Le beurre d’illipé, la crème des beurres ?

Le beurre d’illipé, un ingrédient-beauté exotique, parle à nos goûts d’ailleurs (et on a bien besoin en ce moment de s’offrir des petites plages d’insouciance, en se projetant loin d’un quotidien morose) et à nos besoins de naturalité... Mais qui se cache derrière cette appellation de beurre d’illipé ? Le beurre, extrait des graines d’une plante du genre Bassia, comme nous le disent en cœur l’ouvrage de François Dorvault1 et l’inventaire européen, le beurre extrait des graines de Shorea stenoptera, comme nous l’affirme le Codex alimentarius ? Et quid du beurre de Tengkawang, tant qu’on y est. On aura compris en quelques mots que ce beurre exotique, dont la composition est riche en triglycérides renfermant de l’acide oléique, met les experts à mal. Quel micmac pour savoir qui se cache derrière ce nom de code « illipé » ! C’est notre mission du jour...
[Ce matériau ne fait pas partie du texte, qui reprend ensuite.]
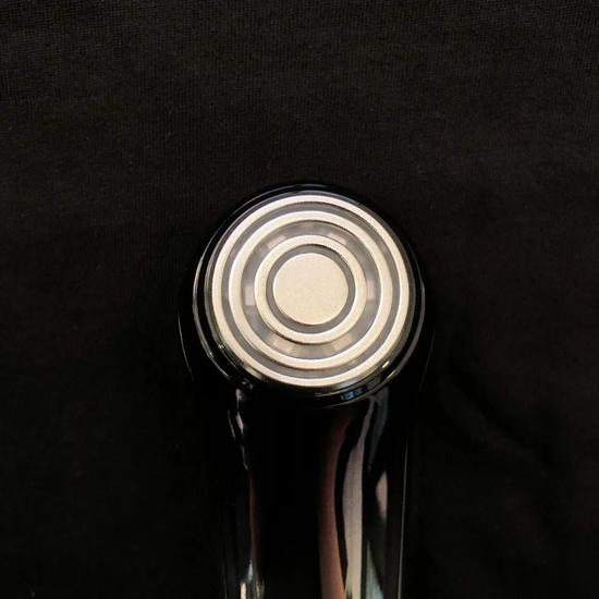 仪器共有两档,RF低档和RF高档,可以根据自己皮肤的耐受性调节。而且在仪器logo的正上方,有一个指示灯,它的作用是当皮肤到达一定温度后,便会亮起橙色,随后发出滴滴的提示音。收到这个信号后,就可以换部位按摩啦。

Le beurre d’illipé pour François Dorvault

Au chapitre des corps gras, coincé entre l’huile de palme et le beurre de karité, le beurre d’illipé (Bassia longifolia, Sapotacées) est au régime maigre. Une petite monographie toute simple, toute courte, est, en effet, consacrée à cette matière grasse exotique, venant d’Inde et contenant des « glycérides oléiques (40 %), linoléiques, palmitiques (25 %), myristiques etc. Une densité comprise entre 0,860 et 0,895 et un point de fusion situé entre 38 et 40°C ». En matière d’applications pratiques, une matière grasse multi-usage, qui sert aux populations locales, aussi bien « en frictions dans le rhumatisme », qu’en application topique, permettant de traiter des pathologies aussi différentes que la goutte ou la gale. Le beurre d’illipé, source de nombreuses confusions possibles... La monographie nous met en garde contre les confusions les plus fréquentes. Et François Dorvault de nous entraîner dans une folle danse autour d’une marmite contenant des beurres de bambouc, de bambara, de palme, de Galé, de mahwah... De quoi faire tourner le beurre en crème !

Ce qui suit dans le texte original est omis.